Parce qu'elle est seule dans ce bureau, seule dans cette nuit qu'elle consacre à son travail, et que personne n'est là, Cuddy tremble pour la première fois… Ses mains lâchent le dossier et recouvrent son visage. Ses lèvres frémissent, mais il n'y a qu'un soupir qui en sort. Elle a ravalé son cri depuis l'enfance, depuis trop longtemps pour pouvoir le pousser maintenant.
Le fait est, et elle le sait, qu'elle s'est emmuré d'elle-même dans une cage d'élégance et de compétence. Qu'elle l'a fait par choix, par volonté et par orgueil. Ce qui lui arrive là n'est que la conséquence logique d'un déroulement qu'elle a elle-même planifié soigneusement à l'avance.
Elle a avancé dans sa vie comme une actrice, et elle a joué ce rôle à la perfection. Ca lui colle à la peau, ça paraît naturel, mais c'est faux.
Parce qu'elle n'est pas une actrice, en réalité.
Elle n'est qu'une femme qui vieillit.
Seule ici, seule ce soir, seule pour toujours, et c'est ridicule de se plaindre, car tout le monde souffre de la solitude… Cuddy est lucide malgré tout.
Elle rouvre les yeux, éloigne ses mains de son visage et les contemple comme si c'était la première fois. Ligne de vie, la chair tendre de ses paumes, ses doigts fins et ses ongles ovales…
De belles mains soignées.
Tellement parfaites… et si impersonnelles.
Mais à la vérité, n'est-elle pas à leur image ? Le sourire qui creuse son visage est las, amer, désabusé et fatigué. Bien sûr que si, songe t-elle, je suis mes mains et mes mains sont moi. La forme qui me forme, le miroir de mon corps est bel et bien le reflet de ce que je suis…
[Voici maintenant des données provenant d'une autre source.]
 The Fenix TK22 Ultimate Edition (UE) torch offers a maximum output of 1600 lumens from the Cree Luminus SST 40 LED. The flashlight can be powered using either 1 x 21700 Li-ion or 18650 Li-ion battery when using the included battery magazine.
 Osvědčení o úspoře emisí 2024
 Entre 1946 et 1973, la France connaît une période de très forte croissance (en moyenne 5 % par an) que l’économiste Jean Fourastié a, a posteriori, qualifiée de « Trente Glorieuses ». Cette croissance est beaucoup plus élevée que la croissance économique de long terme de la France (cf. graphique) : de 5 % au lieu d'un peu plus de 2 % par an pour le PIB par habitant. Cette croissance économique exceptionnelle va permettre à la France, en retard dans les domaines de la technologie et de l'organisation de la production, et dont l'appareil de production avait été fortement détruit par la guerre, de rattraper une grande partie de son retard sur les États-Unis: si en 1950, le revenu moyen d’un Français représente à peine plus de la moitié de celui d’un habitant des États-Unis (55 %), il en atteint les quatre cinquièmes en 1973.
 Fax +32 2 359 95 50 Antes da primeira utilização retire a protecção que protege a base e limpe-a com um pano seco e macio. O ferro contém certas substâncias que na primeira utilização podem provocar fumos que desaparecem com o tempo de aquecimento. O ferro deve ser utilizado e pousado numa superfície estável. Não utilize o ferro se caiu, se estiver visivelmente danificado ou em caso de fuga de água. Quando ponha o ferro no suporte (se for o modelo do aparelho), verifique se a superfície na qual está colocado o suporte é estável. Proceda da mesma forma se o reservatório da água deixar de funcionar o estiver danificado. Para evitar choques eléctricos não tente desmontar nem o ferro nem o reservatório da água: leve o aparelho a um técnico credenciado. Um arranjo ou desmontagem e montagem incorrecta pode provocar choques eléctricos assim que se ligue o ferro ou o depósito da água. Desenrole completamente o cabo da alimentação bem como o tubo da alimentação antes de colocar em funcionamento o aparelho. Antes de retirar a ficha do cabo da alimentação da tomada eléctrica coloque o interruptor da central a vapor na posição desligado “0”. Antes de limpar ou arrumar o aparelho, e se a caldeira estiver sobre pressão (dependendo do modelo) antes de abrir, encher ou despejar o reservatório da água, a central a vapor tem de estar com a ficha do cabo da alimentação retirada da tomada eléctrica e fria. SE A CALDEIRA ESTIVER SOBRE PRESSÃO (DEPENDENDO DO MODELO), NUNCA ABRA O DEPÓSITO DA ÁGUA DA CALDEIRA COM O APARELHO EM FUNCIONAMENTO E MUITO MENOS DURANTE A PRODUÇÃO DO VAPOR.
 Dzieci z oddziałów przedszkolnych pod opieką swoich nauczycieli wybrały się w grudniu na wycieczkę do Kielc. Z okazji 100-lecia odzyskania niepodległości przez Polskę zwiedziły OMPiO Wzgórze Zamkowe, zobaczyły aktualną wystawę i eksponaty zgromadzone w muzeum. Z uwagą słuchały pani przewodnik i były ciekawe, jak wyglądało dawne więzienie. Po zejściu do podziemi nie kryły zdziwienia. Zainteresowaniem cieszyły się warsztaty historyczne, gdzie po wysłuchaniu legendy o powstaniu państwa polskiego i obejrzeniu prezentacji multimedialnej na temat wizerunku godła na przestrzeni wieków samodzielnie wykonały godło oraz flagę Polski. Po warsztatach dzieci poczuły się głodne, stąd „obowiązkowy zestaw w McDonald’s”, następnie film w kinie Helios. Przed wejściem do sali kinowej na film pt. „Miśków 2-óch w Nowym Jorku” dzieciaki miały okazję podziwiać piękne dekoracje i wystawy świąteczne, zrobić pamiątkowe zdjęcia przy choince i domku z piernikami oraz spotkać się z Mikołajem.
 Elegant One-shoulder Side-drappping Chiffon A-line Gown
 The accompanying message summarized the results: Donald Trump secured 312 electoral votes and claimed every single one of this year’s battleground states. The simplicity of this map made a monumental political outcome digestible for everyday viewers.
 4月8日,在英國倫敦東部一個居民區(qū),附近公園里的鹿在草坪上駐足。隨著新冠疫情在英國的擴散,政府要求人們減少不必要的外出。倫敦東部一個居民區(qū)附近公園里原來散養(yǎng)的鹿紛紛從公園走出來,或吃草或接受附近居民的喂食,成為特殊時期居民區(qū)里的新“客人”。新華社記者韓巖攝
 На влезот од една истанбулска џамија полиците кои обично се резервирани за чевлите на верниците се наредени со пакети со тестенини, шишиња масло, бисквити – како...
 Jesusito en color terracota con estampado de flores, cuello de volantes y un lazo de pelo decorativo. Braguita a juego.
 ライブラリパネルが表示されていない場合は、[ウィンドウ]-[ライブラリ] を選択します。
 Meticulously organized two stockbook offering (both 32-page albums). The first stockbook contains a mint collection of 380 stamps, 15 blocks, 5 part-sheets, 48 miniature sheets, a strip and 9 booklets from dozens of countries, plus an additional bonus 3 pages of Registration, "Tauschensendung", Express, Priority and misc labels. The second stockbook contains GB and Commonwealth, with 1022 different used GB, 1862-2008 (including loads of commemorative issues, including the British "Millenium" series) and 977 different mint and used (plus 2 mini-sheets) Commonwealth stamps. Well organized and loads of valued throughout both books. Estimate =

La satisfaction a un goût amer mais, force est de constater que ce sont de belles mains et qu'elle est une belle femme.
Alors, oui, elle est satisfaite. Et reprend son travail, songeant qu'elle devra rattraper le temps perdu à ses états d'âme autre part, si elle ne veut pas prendre du retard…
Ce dont souffre Cuddy est, finalement, identique pour le commun des mortels : elle souffre de ses choix, de ce qu'elle a choisi d'être, et de cette solitude mortelle qui est née en même temps qu'elle. Elle souffre de ses excès, de ses mains trop parfaites et de ses tailleurs si conventionnels. Elle souffre de beaucoup de choses, et subit en plus un culte de l'image dont elle est la première ambassadrice. Elle a peu de repos et beaucoup d'insomnies mais, finalement, peu ou pas de regrets.
Parce que, ce qu'elle fait, elle le fait si bien que ça lui suffit à pardonner à sa vie tout ses travers qui lui donnent parfois envie de mourir.